Regarding the first two findings, Dr. Gómez reported that the reddish substance exuding from the center of the Host is human blood with AB blood type (the same blood type found in all the other Eucharistic miracles, and found on the shroud of Turin, the burial cloth of Jesus).

The Host contains not only living red blood cells, but more astonishingly, living white blood cells. It is well-established that when white blood cells are removed from living tissue systems, they will die (and disintegrate) within three minutes to one hour (maximum) of being outside of a living system. The host and the blood coming from it were tested over several years, which would necessitate the death of all white blood cells.

In Dr. Gómez’s words: “taking the evidence to different laboratories in different nations and continents, without the support of any form of preservation, I could never have imagined that the specialists, despite years that elapsed since the first effusions (4-8 years), identified in the Host ‘intact white blood cells.’ . . . It is impossible to find intact white blood cells outside of their theological environments, let alone in a piece of bread.”

Regarding the second finding: there is not only blood present in the Host, but also living heart tissue in the circular area of which the blood is the effusing. 

“Fibrous-like structures, suggestive of muscle fibers, are present on the transformed Host and in the blood. Tests determined that the tissue under study corresponds to the heart.”

“With the fact that there are active red blood cells, and more importantly, active white blood cells in the blood, it is concluded that this cardiac tissue is in fact alive.”

SO, what do these Eucharistic miracles tell us? 

That the Blessed Sacrament contains the living, beating Heart of our Redeemer! – something we are unable to see under the veil of the consecrated Host; but we believe with the eyes of our Catholic Faith.

Jesus commands us: “Eat my flesh and drink my blood” (and He will rais us in bodies glorified on the Last Day). We do so in faith, believing that when the priest at Mass repeats the words that Our Lord spoke at the Last Supper, “Take and eat, this is my Body . . . Take and drink, this is my Blood,” that Jesus is really, truly Present in the consecrated Host, along with His Sacred Heart that was pierced for our offenses – the perfect Symbol of His divine and human love.

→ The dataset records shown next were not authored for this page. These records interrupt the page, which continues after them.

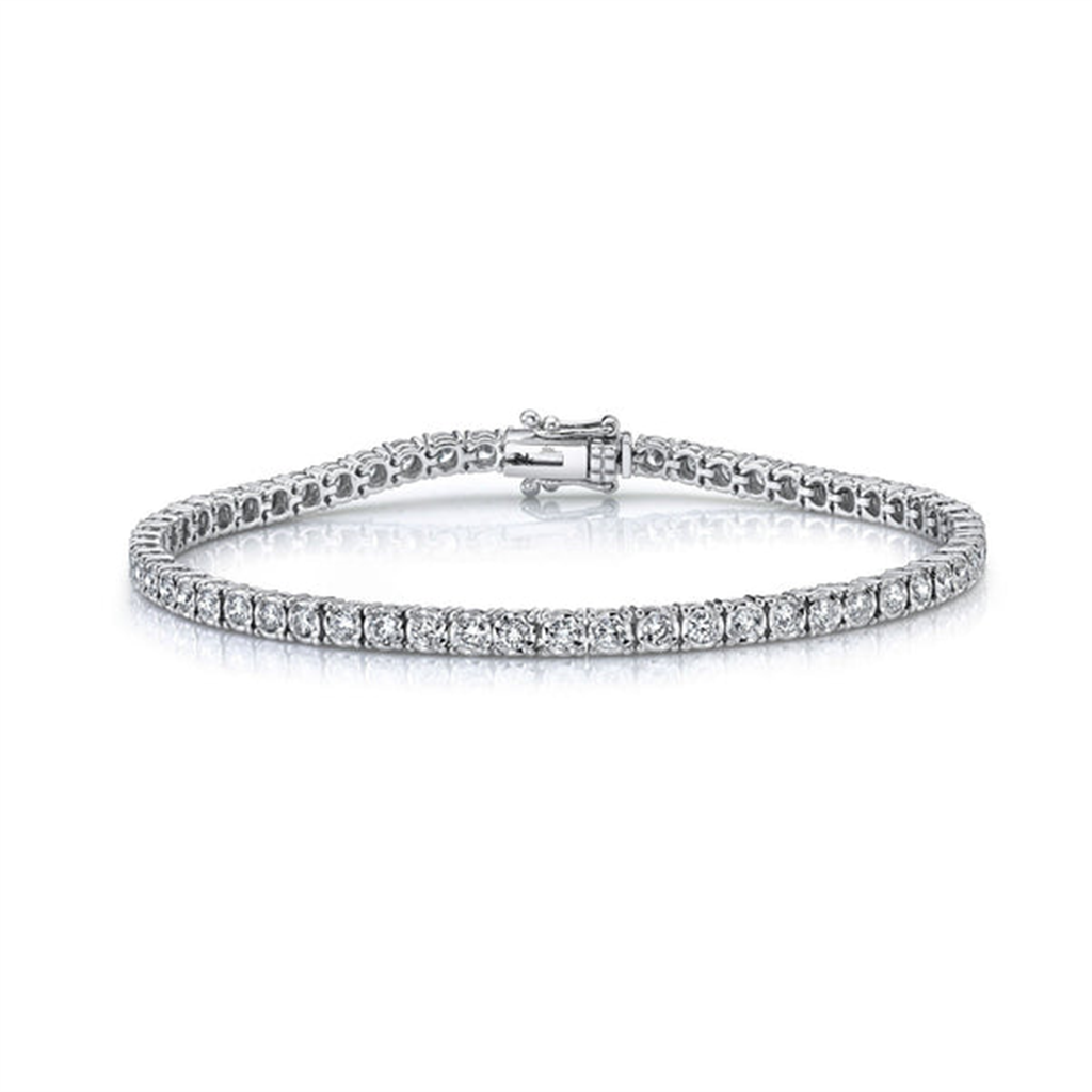 This diamond bracelet features 2.02 carats of genuine white round diamonds hand set in a 14k white gold tennis bracelet design. This bracelet is available for viewing in store or by special order in 14k yellow gold or rose gold.
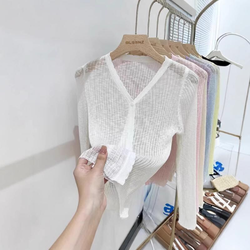 ニットカーディガン レディース Vネック ショート丈 長袖 薄手 接触冷感 UVカット UPF50+ 上品 冷房対策 オフィス カジュアル 普段使い 羽織り 細見え 若見え スリムフィット
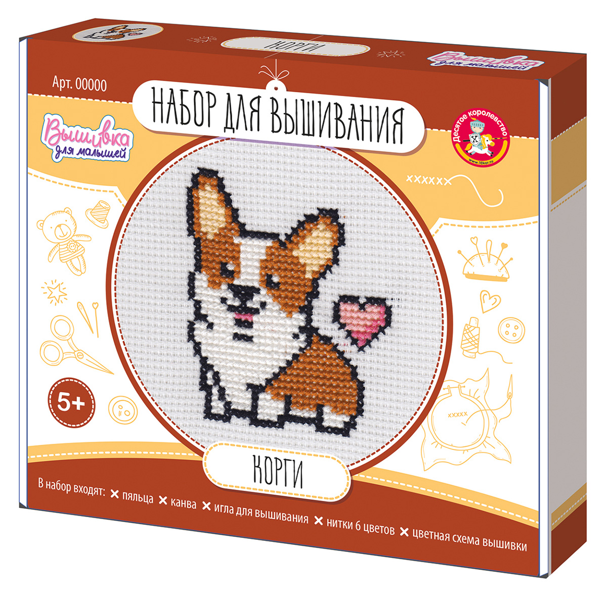 Набор для вышивания крестиком "Корги" (с пяльцами)

Jesus and His Heart are present, not only that we may receive Him in Holy Communion, but also to worship Him, adore Him.

Let us believe – and receive – Him who gives us the strength we need to do battle against the dark forces of Satan in our world today, and to persevere in our faith until the end.

Let us worship and adore Jesus – and His Heart – in the Eucharist; Jesus, the King of Love, who reigns over us with a reign of love: our High Priest and Victim, our King and our Lord!